══ Input material
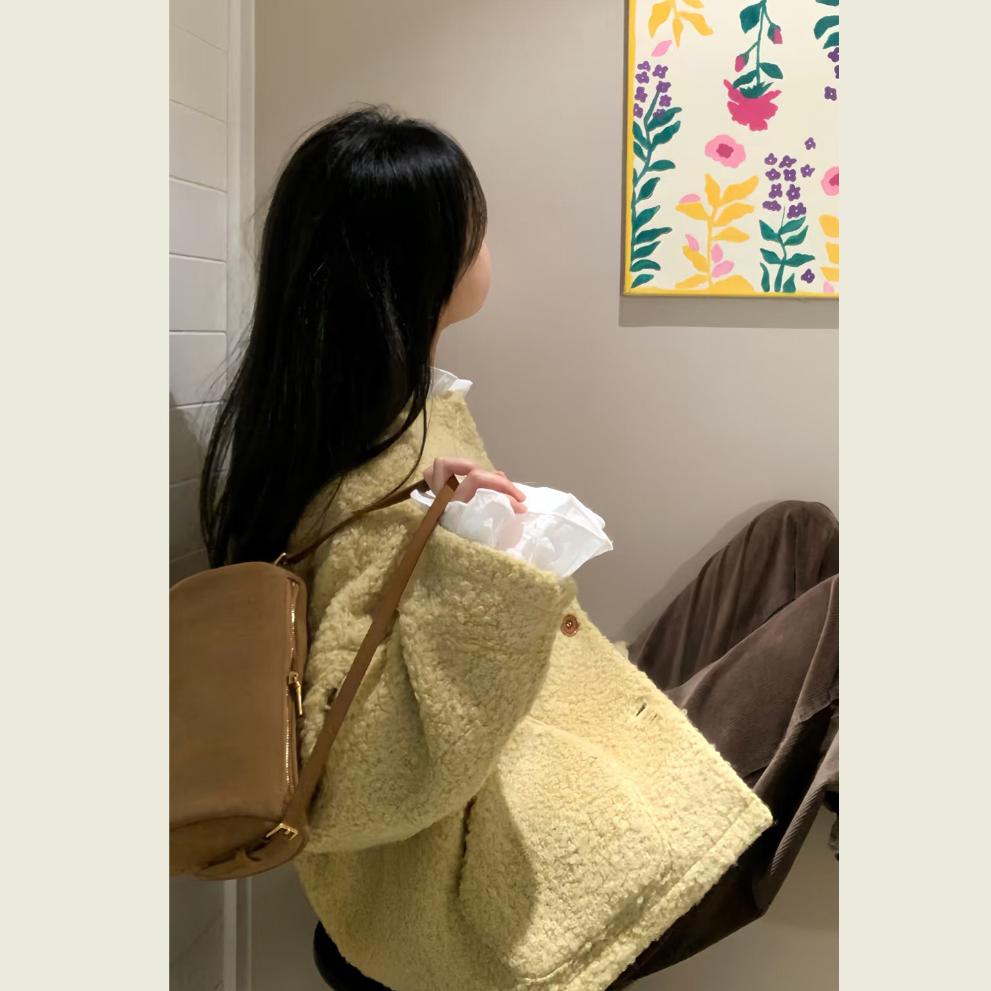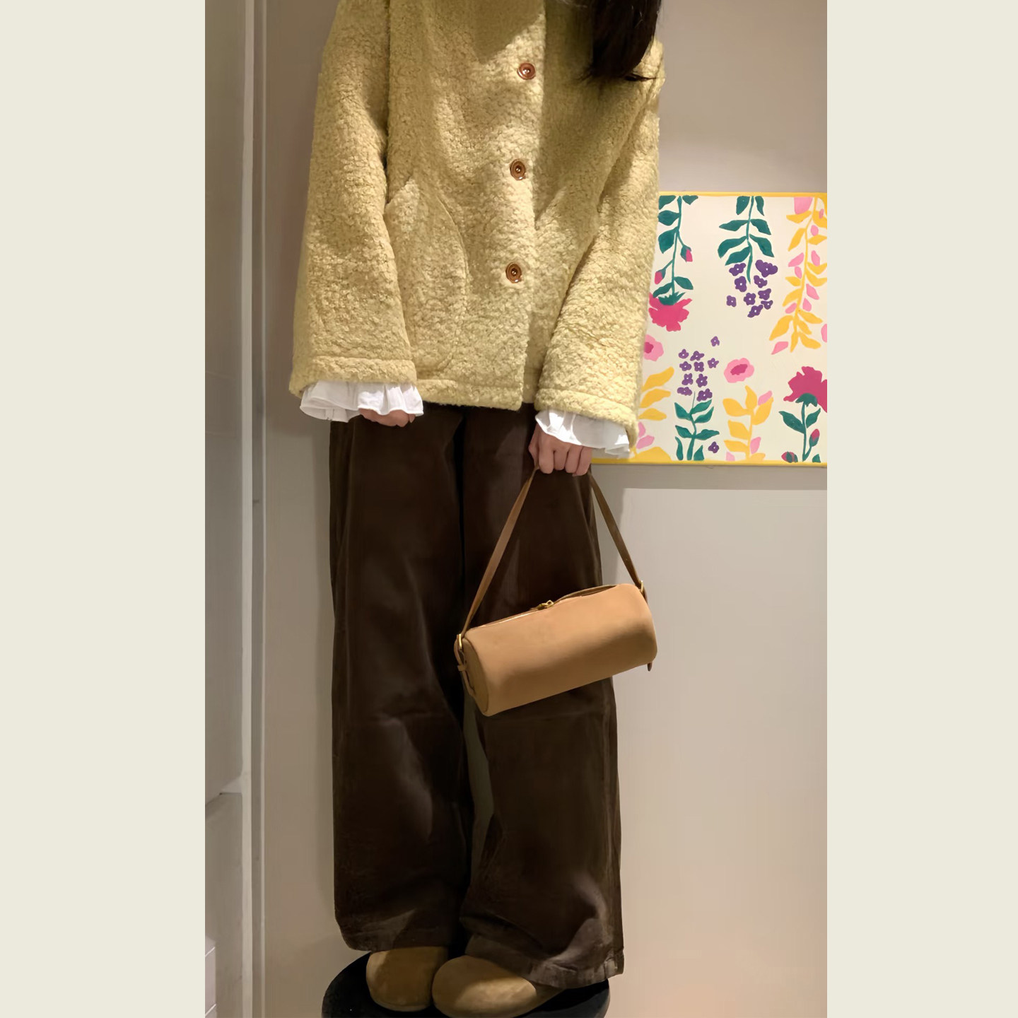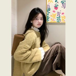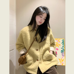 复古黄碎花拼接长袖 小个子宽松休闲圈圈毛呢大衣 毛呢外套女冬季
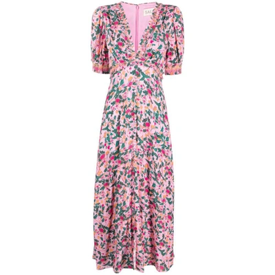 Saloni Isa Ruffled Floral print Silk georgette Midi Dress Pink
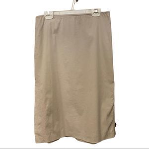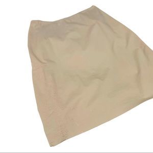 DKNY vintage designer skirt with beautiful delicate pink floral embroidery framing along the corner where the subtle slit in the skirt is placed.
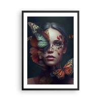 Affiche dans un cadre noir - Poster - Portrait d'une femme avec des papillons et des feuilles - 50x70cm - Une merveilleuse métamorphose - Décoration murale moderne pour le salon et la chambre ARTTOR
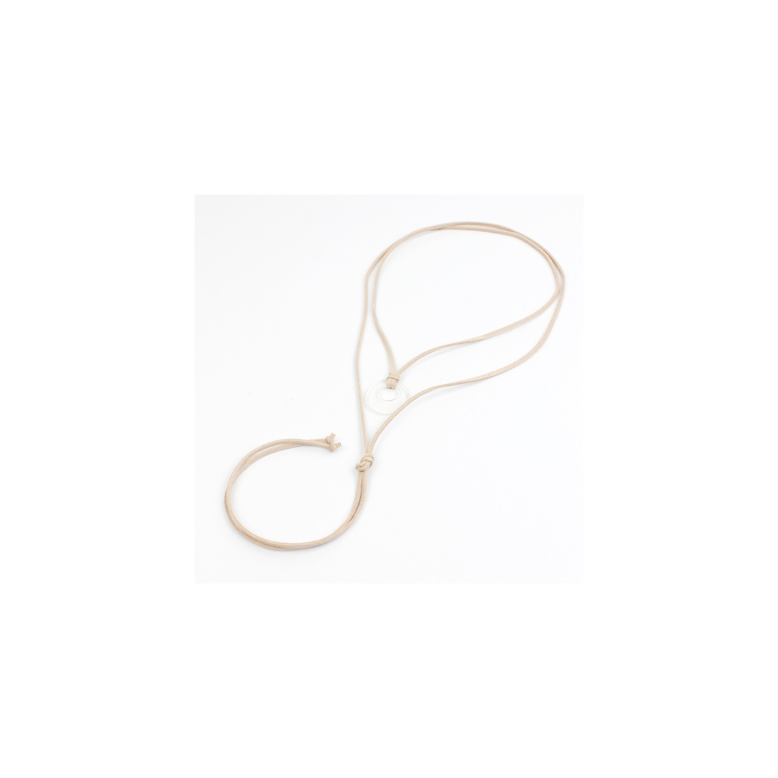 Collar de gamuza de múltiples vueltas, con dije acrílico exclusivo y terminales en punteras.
════
> Exercise goal: Without the pictures, copy all of the entries exactly as they appear.

> Response to the exercise:
 复古黄碎花拼接长袖 小个子宽松休闲圈圈毛呢大衣 毛呢外套女冬季
 Saloni Isa Ruffled Floral print Silk georgette Midi Dress Pink
 DKNY vintage designer skirt with beautiful delicate pink floral embroidery framing along the corner where the subtle slit in the skirt is placed.
 Affiche dans un cadre noir - Poster - Portrait d'une femme avec des papillons et des feuilles - 50x70cm - Une merveilleuse métamorphose - Décoration murale moderne pour le salon et la chambre ARTTOR
 Collar de gamuza de múltiples vueltas, con dije acrílico exclusivo y terminales en punteras.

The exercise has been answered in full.